American artist (1925–2022)

Thomas Harry Kapsalis (May 31, 1925 – July 14, 2022) was a professor at the School of the Art Institute of Chicago and a leading American abstract painter and sculptor.

== Personal life ==
Thomas Harry Kapsalis was born to Adamantia and Harry Kapsalis on May 31, 1925 in Chicago, Illinois. He married Stella (née Manos) Kapsalis around 1956. They had two children together. Kapsalis was drafted into the United States Army during World War II in 1944, where he fought at the Battle of the Bulge and was captured as a prisoner of war. Prior to being conscripted into the Army, he was halfway through pursuing his Bachelor's degree from the School of the Art Institute of Chicago.

== Career ==
After returning from the war, Kapsalis returned to the School of the Art Institute of Chicago to earn a Bachelor's degree in 1949 and Master's degree in 1957 utilizing the G.I. Bill. In 1956 he was an active member of the American Association of University Professors. He received a Fulbright-Hays Fellowship to study with Willi Baumeister in Stuttgart from 1953-1954. He worked as an instructor in painting and drawing at the School of the Art Institute of Chicago starting in 1954, was promoted to Assistant Professor in 1961, and retired in 1975. He later became a Professor Emeritus.

His art work was featured in "Chicago and Vicinity" - an annual exhibition that featured work from Artists in Chicago - in 1956, 1960, 1969, and 2016. In the early 1970s, Kapsalis' work was in a two-year exhibit sponsored by the Illinois Arts Council, which consisted of 4 paintings from 24 different Illinois based painters.

Some have called his work that of Modernism.
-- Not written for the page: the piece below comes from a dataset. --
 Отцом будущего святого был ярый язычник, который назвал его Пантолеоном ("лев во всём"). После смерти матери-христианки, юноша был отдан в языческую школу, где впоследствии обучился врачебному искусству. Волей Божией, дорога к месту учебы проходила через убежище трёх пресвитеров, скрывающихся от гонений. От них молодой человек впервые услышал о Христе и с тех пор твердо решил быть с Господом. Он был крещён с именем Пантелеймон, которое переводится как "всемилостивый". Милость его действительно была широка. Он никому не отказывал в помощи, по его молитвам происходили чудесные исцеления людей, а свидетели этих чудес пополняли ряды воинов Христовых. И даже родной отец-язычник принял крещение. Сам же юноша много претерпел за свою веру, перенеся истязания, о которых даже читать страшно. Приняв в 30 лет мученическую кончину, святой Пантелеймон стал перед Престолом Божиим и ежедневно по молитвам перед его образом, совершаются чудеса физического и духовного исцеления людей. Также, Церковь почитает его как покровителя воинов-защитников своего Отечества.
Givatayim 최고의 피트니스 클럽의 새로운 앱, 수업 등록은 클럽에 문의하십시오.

He appreciated the work of Kathleen Blackshear and Katherine Kuh. Kapsalis described the style of his work as moving from expressionistic realism to figurative abstraction and finally to non-objective abstraction. He said "I never explain my work in literal terms because I am creating something visual." His abstract paintings are often quite colorful, but for a period he painted without color and only in black and white to protest the Vietnam War. He continued to paint and exhibit into his 90s.

In 2009, Kapsalis appeared as the main subject of the documentary tryphon: three sounds, produced by the CUENTOS Foundation and premiered at the Brauer Museum. In that same year, he published a book titled Thomas H. Kapsalis : Artist's House : Paintings & Sculpture 1947-2008.
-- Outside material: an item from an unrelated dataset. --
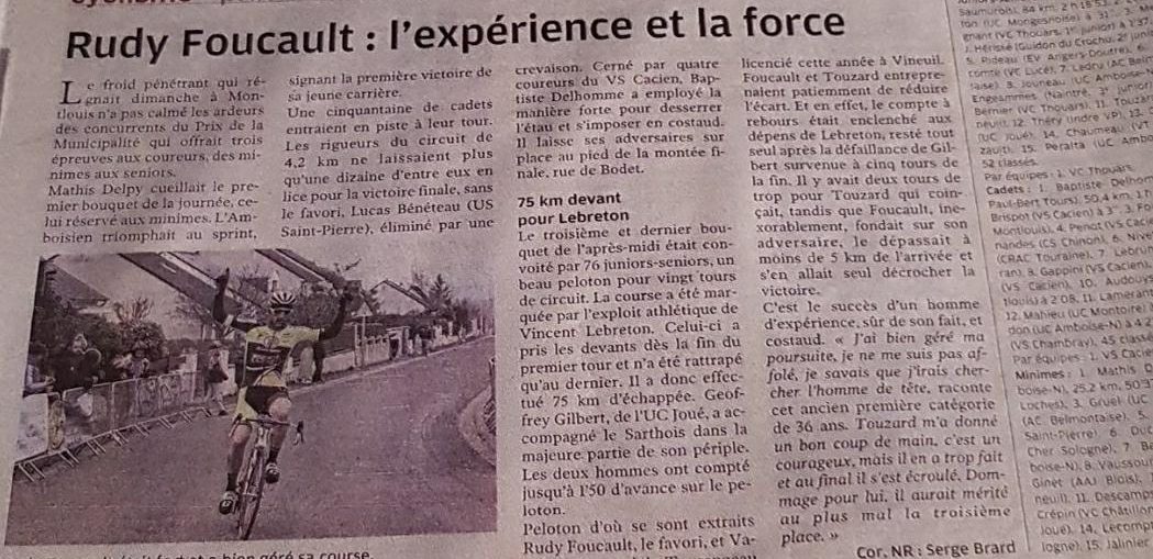 Léonie, Lucas, Antonin et Mylan inscrit de dernière minute sont partis pour 4 tours de 2,300 kms avec 19 autres concurrents. Lucas c'est retrouvé devant pendant que les autres Montgesnois se sont bien battus derrière pour finir leur course encadré par les cadets. Résultats UCM : Lucas DEBRA : 4ème Mylan

In 2011, Kapsalis' work - along with that of Ralph Arnold, Vera Klement, Ellen Lanyon and others - was displayed in the Illinois State Museum's exhibit Luminous Ground: Artists With Histories, which was open until January 2013. In 2013, his work was on display at the Ukrainian Institute of Modern Art. In 2015, his work was again exhibited at the Ukrainian Institute of Modern Art in the exhibit Chicago Connection: Artists from the Post-War Period alongside Seymour Rosofsky, Eleanor Coen, and Arthur Lerner. From January - March 2018, Kapsalis' work put on display by Art Design Chicago in an exhibit titled Thomas H. Kapsalis: Black + White, etc. From May to June 2020, Kapsalis' work was displayed on an online exhibit titled Thomas H. Kapsalis: Eight Decades sponsored by Corbett vs. Dempsey in honor of Kapsalis' 95th birthday.

== Death ==
Thomas H. Kapsalis died on July 14, 2022. He is buried in Elmwood Cemetery.

== Collections ==
Kapsalis' work is held in the permanent collections of the National Gallery of Art, the Minneapolis Institute of Art, the Art Institute of Chicago, the Illinois State Museum, and the Ukrainian Institute of Modern Art.